The script monitors specific districts (configurable in send_email.R):
districts_to_notify <- c("1", "2", "3", "4")When new hearings are found in monitored districts, the email includes:
- Subject line with count and district numbers
- For each hearing: District, Date, Board, Description, Address, and link to the agenda PDF
The process-agendas.yml workflow runs automatically twice daily (8:30 AM and 5:30 PM EST) and can also be triggered manually.

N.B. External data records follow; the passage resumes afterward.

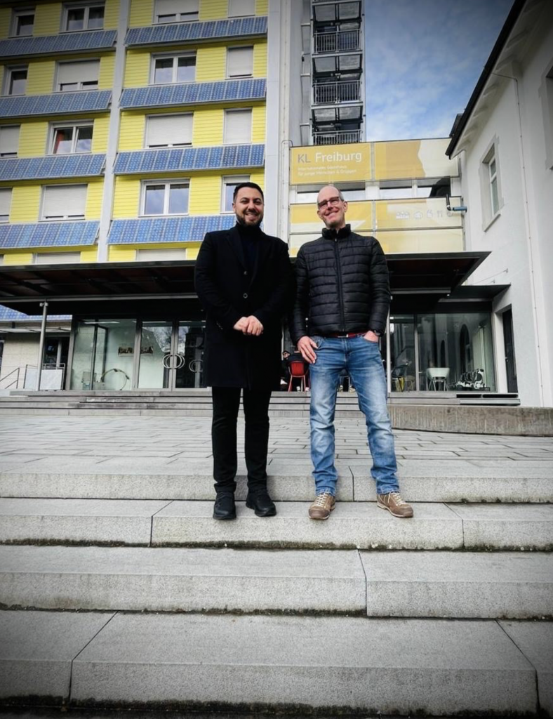 Anlässlich einer Dienstbesprechung der Schulbeauftragten der Erzdiözese Freiburg reisten die Eislinger Lehrer Dr. Josef Önder und Dirk Schwarzenbolz bis ins schöne Freiburg. Sie waren eingeladen, um dort die Literaturwerkstatt „Schreibende Schule“ vorzustellen. Die beiden Eislinger trafen auf ein sehr interessiertes Publikum und stellten ihre bisher publizierten Werke mit jeweiliger Entstehungsgeschichte vor. Besonders beeindruckt zeigten sich die Zuhörer vom Engagement der Eislinger Schüler/innen, die mittlerweile gemeinsam mit ihren Lehrkräften immerhin 15 Büchern publiziert haben – vom Jugendroman bis zum Bilder-Buch. Auch die von Jugendlichen mitverfassten Gebetbücher fanden großen Anklang, ebenso die „Gebet-Mitmach-Aktion“, welche im Rahmen eines Workshops angeboten wurde.
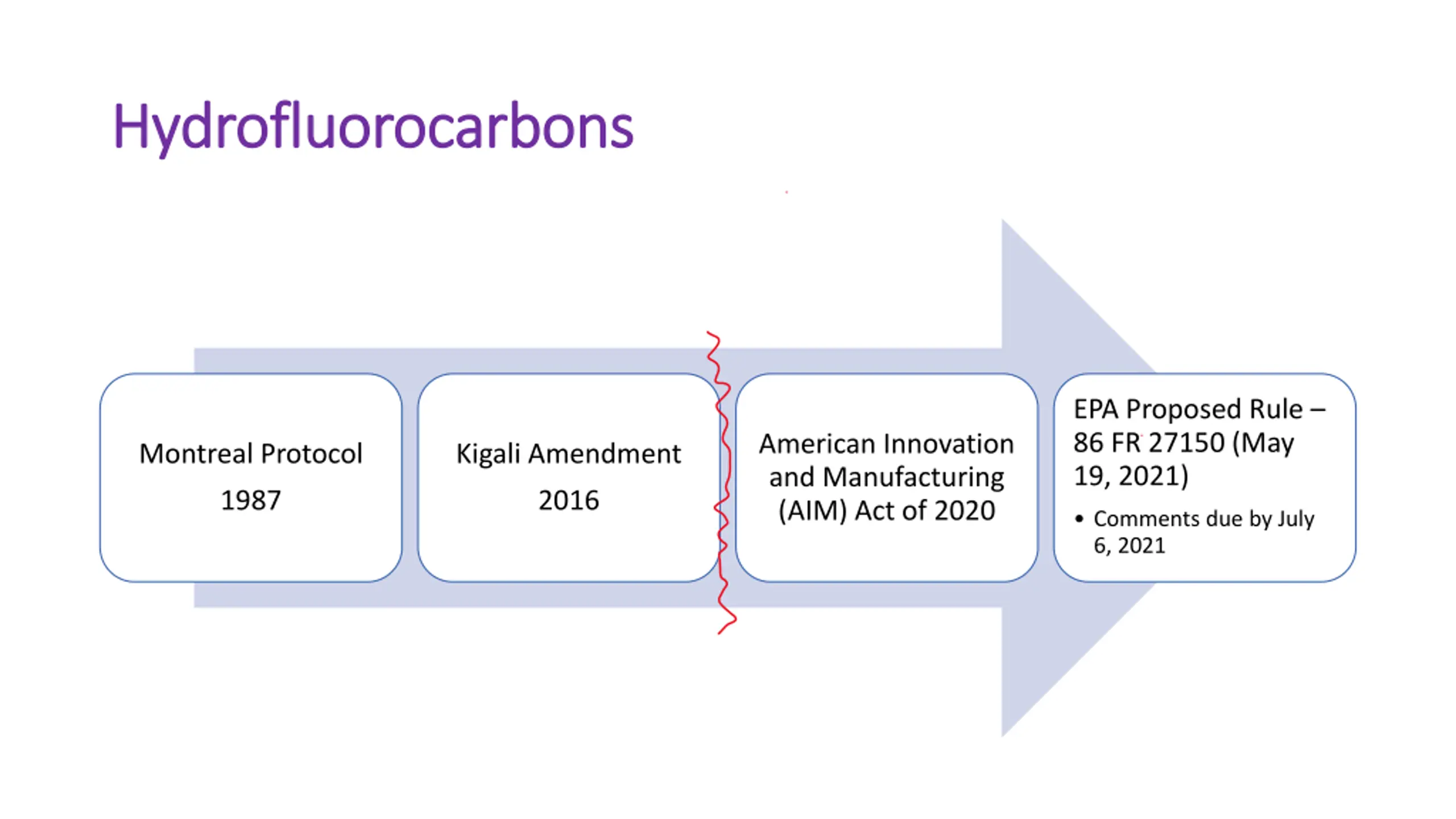 Hydrofluorocarbons Hydrofluorocarbons EPA Proposed Rule 86 FR 27150 (May 19, 2021) American Innovation and Manufacturing (AIM) Act of 2020 Montreal Protocol Kigali Amendment 1987 2016 Comments due by July 6, 2021
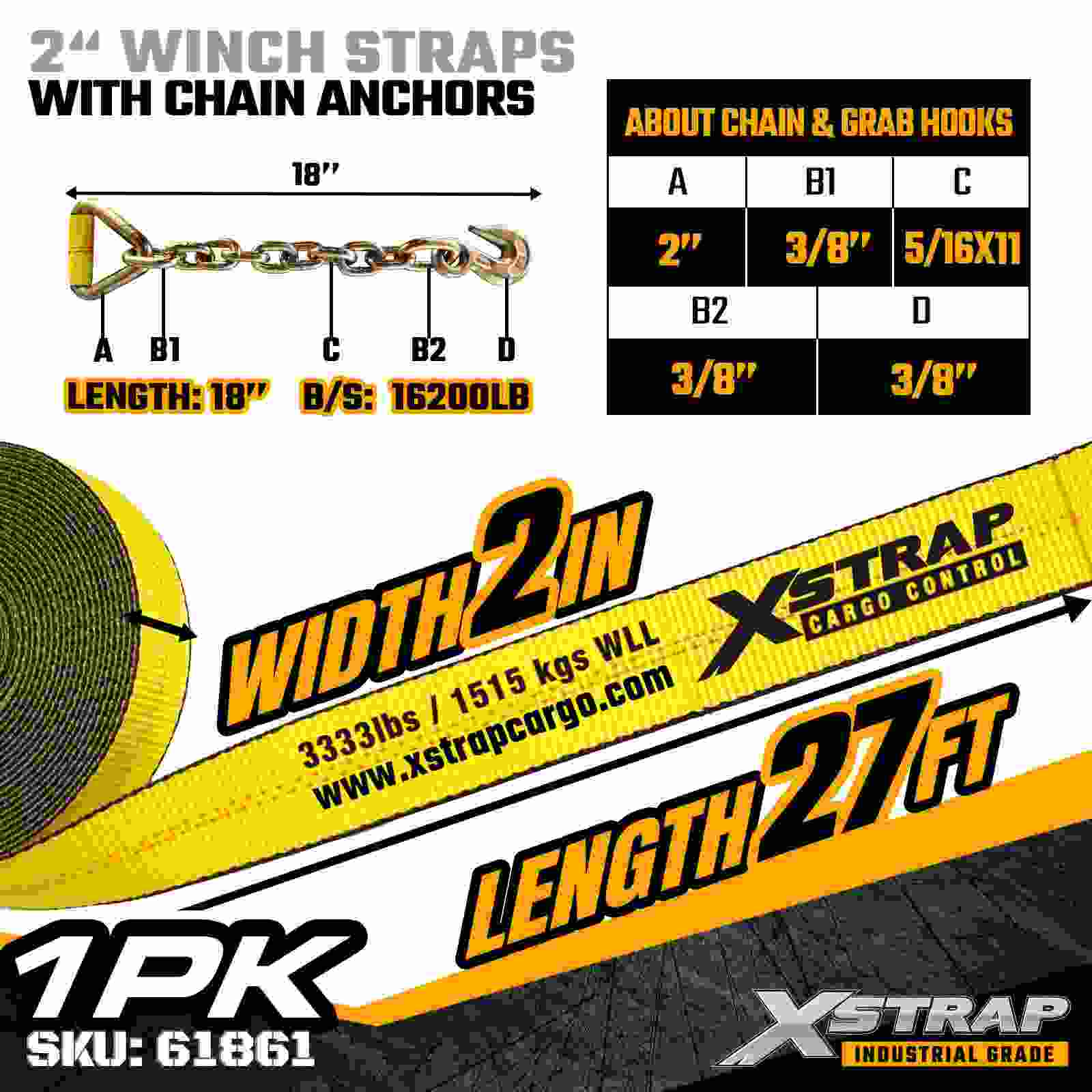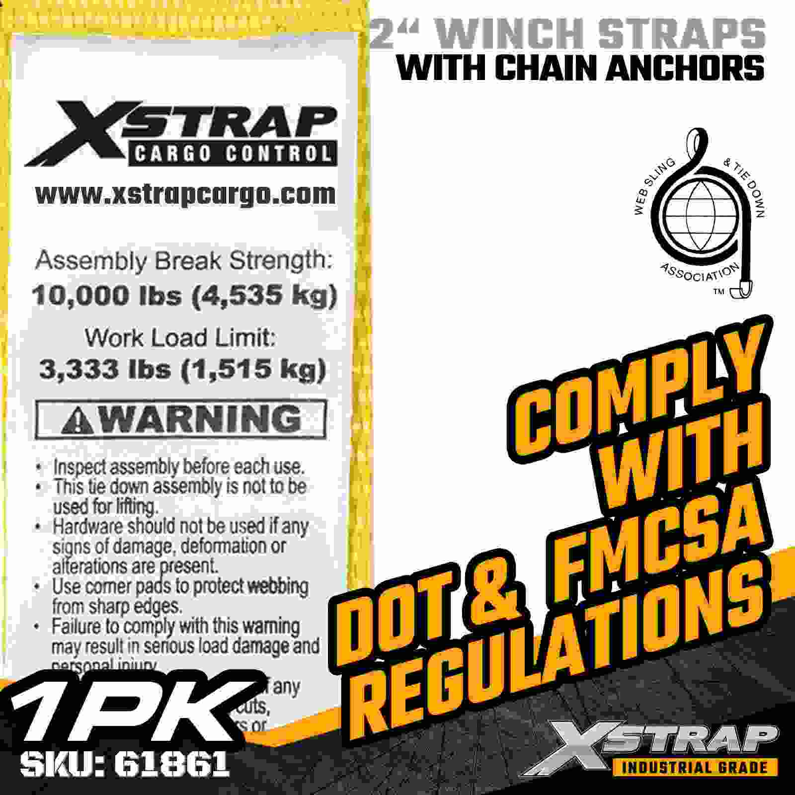 Xstrap 61861 2" × 27피트 표준 윈치 스트랩은 안정적인 플랫베드 화물 고정을 위해 제작되었으며 내구성이 뛰어난 체인 앵커와 고강도 폴리에스터 웨빙이 특징입니다. 3,333lbs의 작업 하중 제한과 10,000lbs의 파손 강도를 통해 일일 화물 운반, 팔레트 적재, 목재, 파이프 및 일반 물류 응용 분야에 신뢰할 수 있는 성능을 제공합니다.
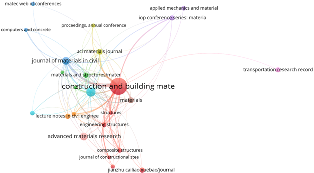| Figura 8. Mapa bibliométrico baseado nas citações dos periódicos mais relevantes sobre o tema ‘concreto com adição de borracha’ | ||||
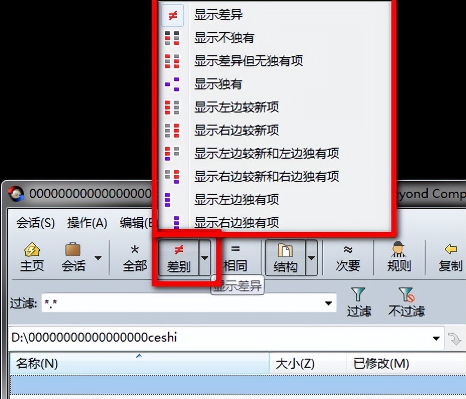 (4).在文件夹对比时可以使用不同的扩展来添加选项使文件名对齐
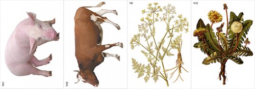 На карточках № Ч11-Ч22 изображены животные. Это домашние животные (№ Ч11-Ч16: свинья, корова, кошка, лошадь, курица и гусь), животные, которые могут встречаться не только в агроценозе, но и в естественном биоценозе (№ Ч17-Ч20: земляной червь, лягушка, крот и серая крыса), и, наконец, животные, встречающиеся только в естественных биоценозах (№ Ч21-Ч22 глухарь и кабан).
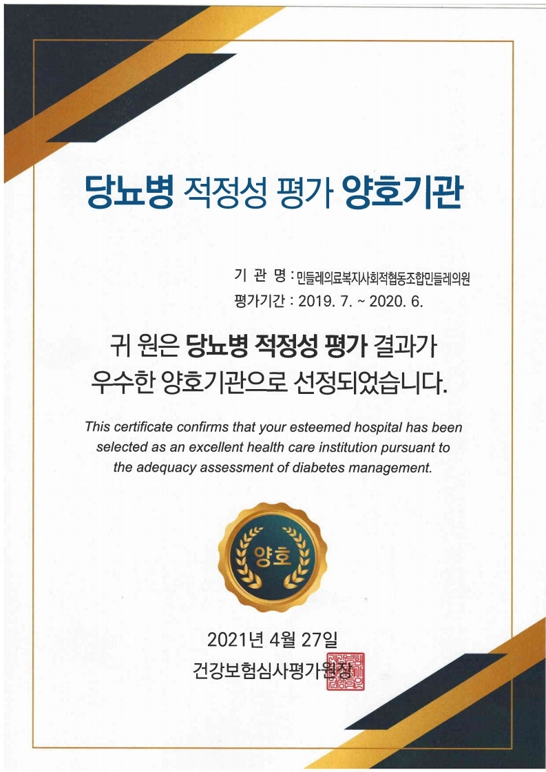 민들레의원, 만성질환 관리 양호기관으로 선정

To enable the workflow, you need to add these secrets to your GitHub repository:
- Go to your repository on GitHub
- Click Settings → Secrets and variables → Actions
- Click "New repository secret" for each of the following:
| Secret Name | Description | Example |
|---|---|---|
OPENAI_API_KEY |
OpenAI API key for LLM extraction | sk-... |
GEOCODIO_API_KEY |
Geocodio API key for address geocoding | abc123... |
SMTP_HOST |
SMTP server hostname | smtp.gmail.com |
SMTP_PORT |
SMTP server port | 587 |
SMTP_USERNAME |
SMTP authentication username | you@gmail.com |
SMTP_PASSWORD |
SMTP password or app-specific password | xxxx xxxx xxxx xxxx |
EMAIL_TO |
Recipient email address | you@example.com |
EMAIL_FROM |
Sender email address | you@gmail.com |
Note for Gmail users: You'll need to use an App Password rather than your regular password.